Please copy exactly the line that contains "Fluffy Wedge Slippers" and every line after it through the end of the records, leaving the pictures out.
(Beginning of AVAILABLE DATA)
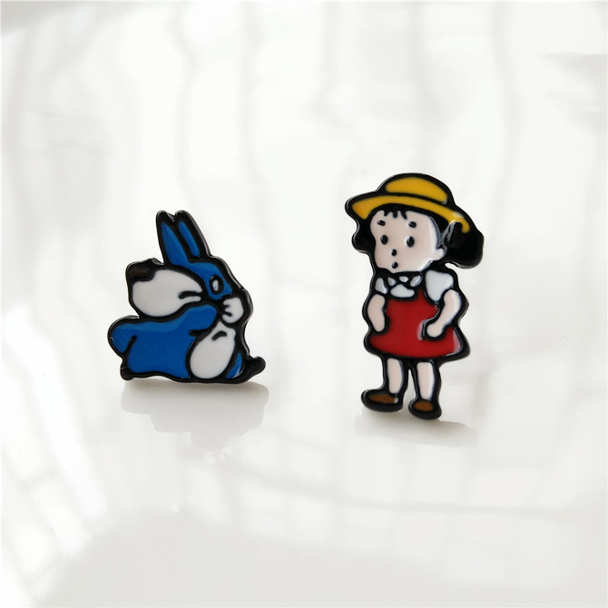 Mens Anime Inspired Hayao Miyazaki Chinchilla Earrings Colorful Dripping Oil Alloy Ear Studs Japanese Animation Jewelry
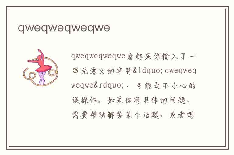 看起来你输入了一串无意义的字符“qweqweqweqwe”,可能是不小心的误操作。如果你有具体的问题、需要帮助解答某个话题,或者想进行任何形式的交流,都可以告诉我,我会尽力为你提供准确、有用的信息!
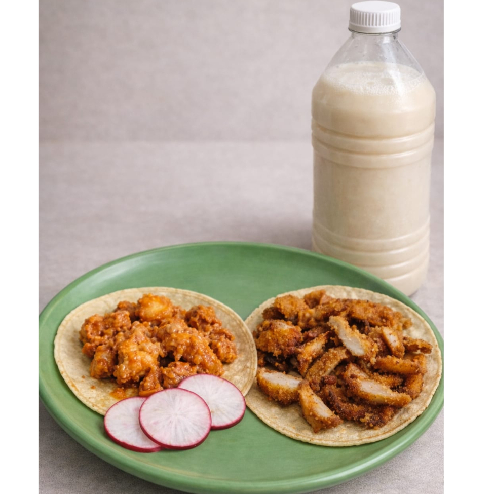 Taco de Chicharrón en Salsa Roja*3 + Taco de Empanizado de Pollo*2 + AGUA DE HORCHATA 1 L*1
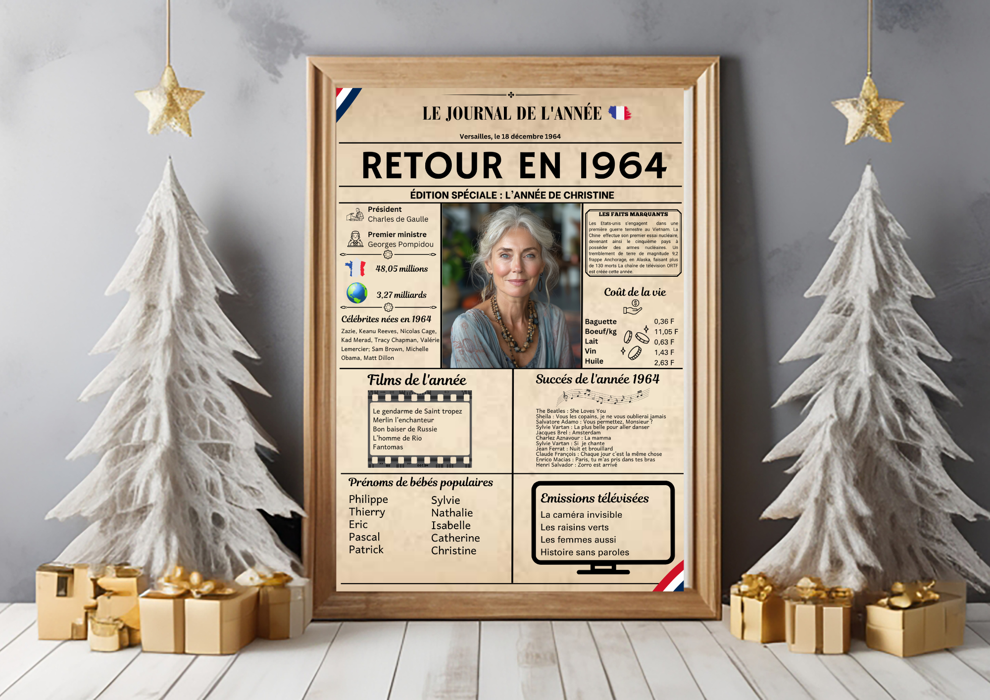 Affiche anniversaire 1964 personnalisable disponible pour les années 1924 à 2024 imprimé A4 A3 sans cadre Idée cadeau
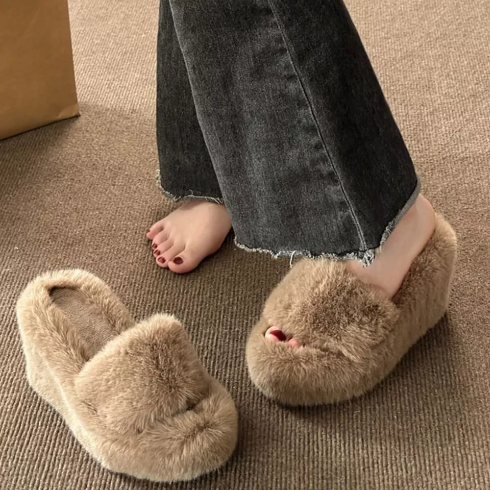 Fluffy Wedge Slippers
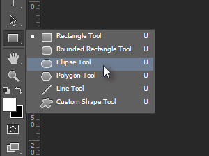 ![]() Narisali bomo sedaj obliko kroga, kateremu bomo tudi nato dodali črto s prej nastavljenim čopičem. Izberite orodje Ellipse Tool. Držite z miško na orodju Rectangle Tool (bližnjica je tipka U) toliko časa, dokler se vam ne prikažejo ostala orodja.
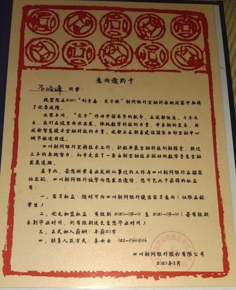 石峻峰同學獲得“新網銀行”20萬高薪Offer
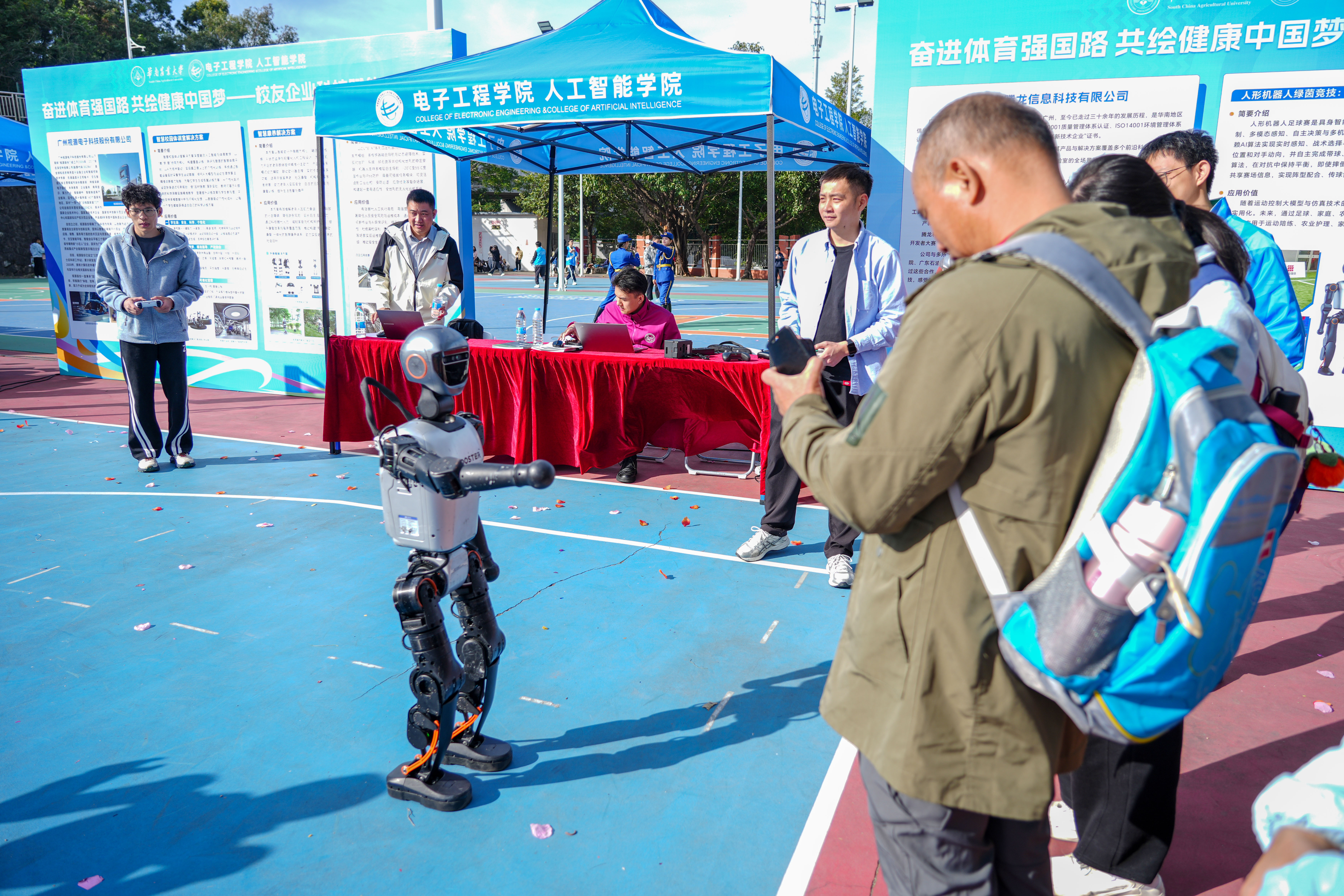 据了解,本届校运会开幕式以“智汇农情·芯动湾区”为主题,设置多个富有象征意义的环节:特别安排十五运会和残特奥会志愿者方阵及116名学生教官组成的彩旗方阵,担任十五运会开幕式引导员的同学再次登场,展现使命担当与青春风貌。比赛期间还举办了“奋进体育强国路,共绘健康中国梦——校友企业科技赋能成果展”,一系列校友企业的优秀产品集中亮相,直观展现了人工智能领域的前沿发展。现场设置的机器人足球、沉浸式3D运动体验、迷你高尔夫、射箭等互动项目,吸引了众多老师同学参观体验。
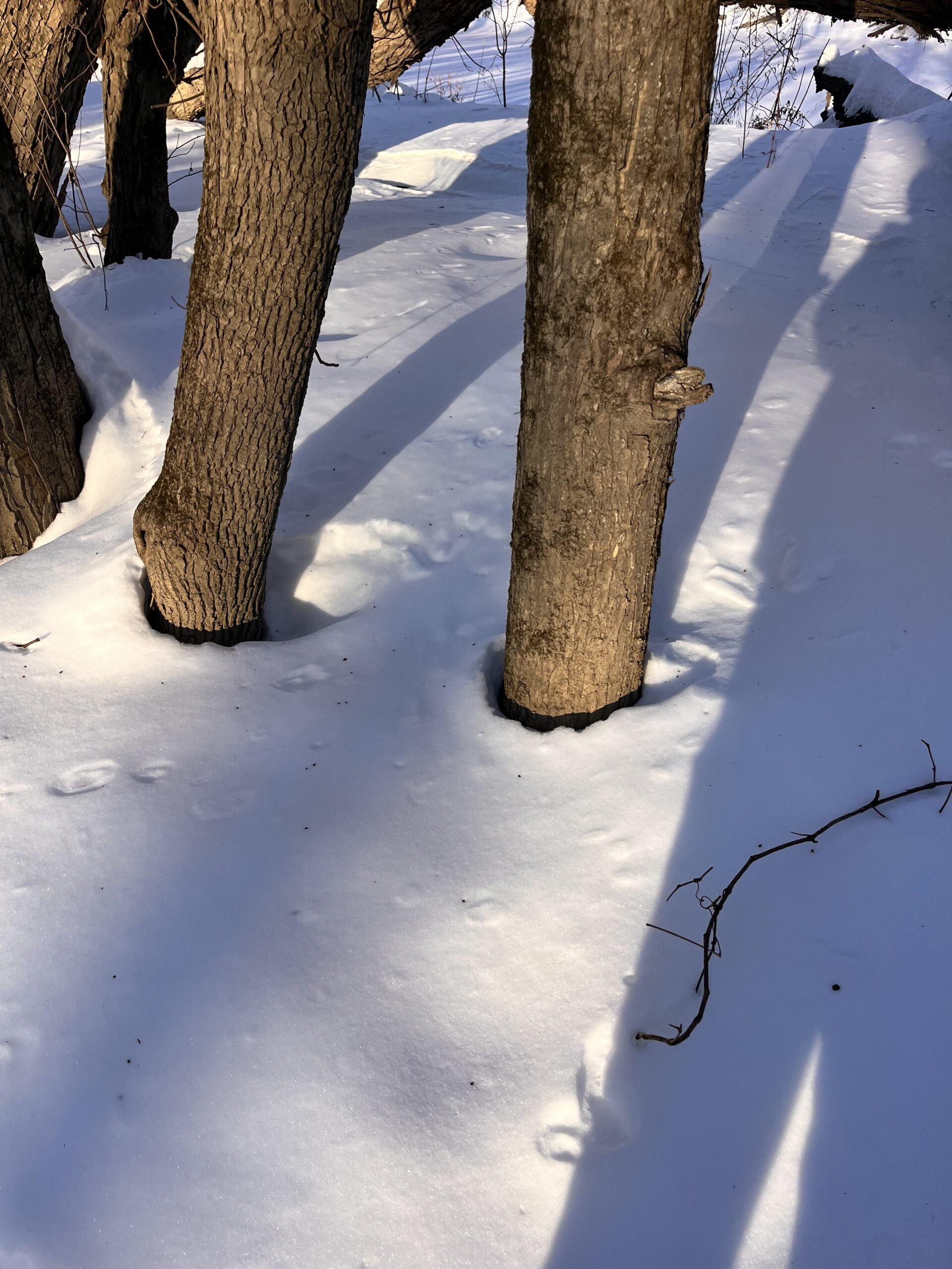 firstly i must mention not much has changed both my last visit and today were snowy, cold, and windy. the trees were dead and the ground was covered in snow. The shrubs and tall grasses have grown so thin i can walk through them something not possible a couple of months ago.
(End of AVAILABLE DATA)
--- ANSWER BOX ---
 Fluffy Wedge Slippers
 ![]() Narisali bomo sedaj obliko kroga, kateremu bomo tudi nato dodali črto s prej nastavljenim čopičem. Izberite orodje Ellipse Tool. Držite z miško na orodju Rectangle Tool (bližnjica je tipka U) toliko časa, dokler se vam ne prikažejo ostala orodja.
 石峻峰同學獲得“新網銀行”20萬高薪Offer
 据了解,本届校运会开幕式以“智汇农情·芯动湾区”为主题,设置多个富有象征意义的环节:特别安排十五运会和残特奥会志愿者方阵及116名学生教官组成的彩旗方阵,担任十五运会开幕式引导员的同学再次登场,展现使命担当与青春风貌。比赛期间还举办了“奋进体育强国路,共绘健康中国梦——校友企业科技赋能成果展”,一系列校友企业的优秀产品集中亮相,直观展现了人工智能领域的前沿发展。现场设置的机器人足球、沉浸式3D运动体验、迷你高尔夫、射箭等互动项目,吸引了众多老师同学参观体验。
 firstly i must mention not much has changed both my last visit and today were snowy, cold, and windy. the trees were dead and the ground was covered in snow. The shrubs and tall grasses have grown so thin i can walk through them something not possible a couple of months ago.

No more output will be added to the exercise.